Desde la carrera 12 hasta la carrera 19, los peatones se tienen que enfrentar a vitrinas estacionarias de comerciantes informales, relojes que no saben qué hora es, bancas rotas, faroles destruidos o que no encienden y semáforos peatonales que dejaron de dar vía desde hace rato.
Por los lados de las carreras 18 y 17, es la típica zona bancaria, atestada de gente. Se observan allí largas filas de impacientes clientes en espera de operar un cajero automático o de ser atendido en el banco.
A la impaciencia ciudadana, se suma la inseguridad que ronda por estas calles, debido a la poca vigilancia que se presta.

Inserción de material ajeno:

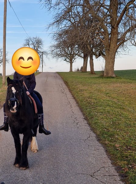 7 Jahre, Bilderbuchpony, ca. 1,28 Stm, Zähne regelmäßig gemacht, entwurmt, geimpft. Bella ist angeritten, geht als Handpferd zuverlässig ins Gelände, sehr sportlich, arbeitswillig, intelligent muss aber natürlich weiter ausgebildet werden, da erst am Anfang ihrer Ausbildung. Schmiede- und verladefromm, kennt Trakoren, andere Tiere. Super sozial in der Herde. Wir können sie uns auch gut vor der Kutsche vorstellen, da im Straßenverkehr sehr unerschrocken. Sie braucht jedoch eine klare, konsequente und fördernde Führung und ist deswegen nicht für Reitanfänger oder reines Kinderpony abzugeben. Sie ist kein Pony zum rumstehen, sondern muss regelmäßig gearbeitet werden. Bella wird nur an Bestplatz abgegeben, Das Zubehör kann mit erworben werden. Wer noch etwas Arbeit in sie steckt, wird mit einem super Pony belohnt werden.

Además, esta es la zona del centro en donde los informales no le dejan ni un centímetro al espacio público: es la típica área del rebusque.
Del puente peatonal sobre la 35 con 15 hasta la carrera 12, es el mismo ‘paseo’: congestión, mendicidad, malos olores y basuras por doquier. A lo largo del paseo también hay 16 canecas de basura deterioradas o rotas. Por eso, es común observar las pocas zonas verdes y las esquinas llenas de mugre.
De las farolas instalados a lo largo de la calle 35, es mejor ni hablar. Once están averiadas y la iluminación de las restantes es deficiente creando espacios oscuros, tal como ocurre entre las carreras 14 y 15.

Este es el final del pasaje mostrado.